If a path of N dominoes covers two squares, those squares are of distance at most 2N-1 in the taxicab metric. The opposite corners are distance 58 apart, so no path of length less than 30 can connect dominoes covering opposite corners.

We'll show 30 is achievable by construction. Construct a horizontal brick-pattern triangle whose base is 15 horizontal dominoes along the bottom of the board, with 14 dominoes above it, then 13, etc. up to 1 horizontal domino. The center of the board is on the top edge of the top domino. Reflect this to make another triangle of horizontal dominoes from the top side of the board to the center of the board. The gaps to the left and right can be tiled by dominoes in precisely one way, with triangles of vertical dominoes in a brick pattern with 14 vertical dominoes along the left and right sides, not including the corner squares which are covered by horizontal dominoes.
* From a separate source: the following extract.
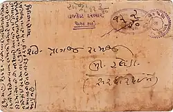 - ↑ Abbildung eines Umschlages aus Rajkot, links neben dem Wertstempel die Unterschrift des Richters H. R. Buch
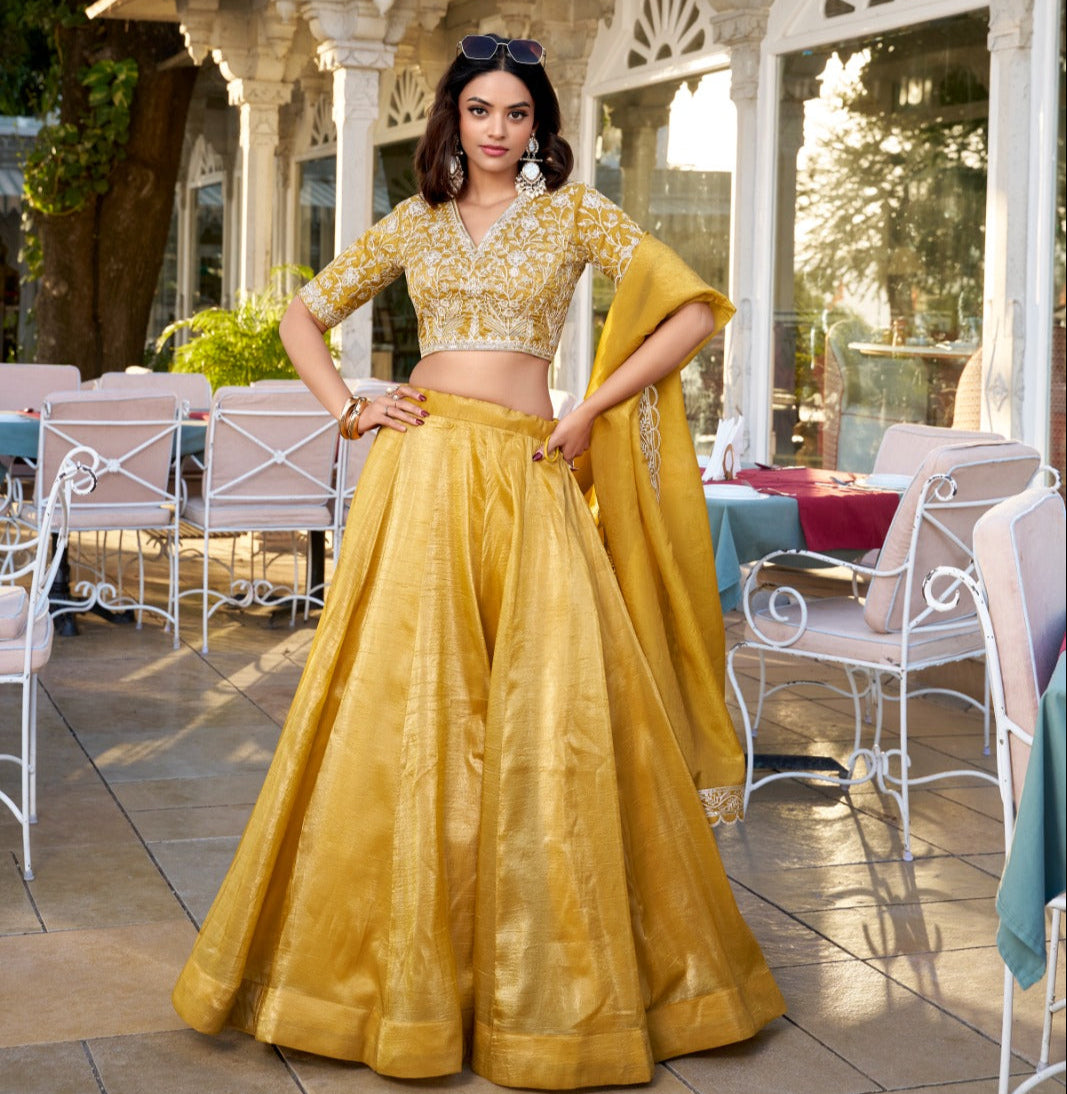 Mustard Yellow color Goldie Sequins & Thread Embroidery Work Lehenga Choli

Equivalently, we cover a 2x2 board by horizontal dominoes, than then tile concentric 2nx2n boards to include the previous tilings plus n dominoes along the bottom, n dominoes along the top, n-1 dominoes along the left side, and n-1 dominoes along the right side.
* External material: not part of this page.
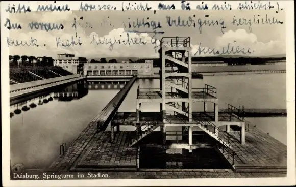 Ak Duisburg im Ruhrgebiet, Springturm mit Stadion

In this tiling, any domino can be connected to one of the central dominoes by a path of length at most 15, and the central dominoes are adjacent. So, any two dominoes can be connected by taking the union of those paths to the central dominoes, which has length at most 30.

Make a 8 8 square in your notebook. Observe that if you want to reach from one corner to another, then diagonal offers the shortest path and there exist a covering such that each square on diagonal is covered with a different domino. Hence, at least minimum value of N in this case is 8. Similarly for 30 30, value of N will be 30.

The worst case happens when we want to trace a path from a domino from one corner to the opposite corner (from the lower left to the upper right, for instance).

Since each domino is 1x2, by moving only towards our goal (the ending domino) we advance 2 grids in the board. Moreover, since the board is 30x30 we gotta walk 30 times horizontally and 30 times vertically in the worst case, so we have to walk 60 grids taking 2 grids per step. Total is 60/2 = 30 steps (dominoes).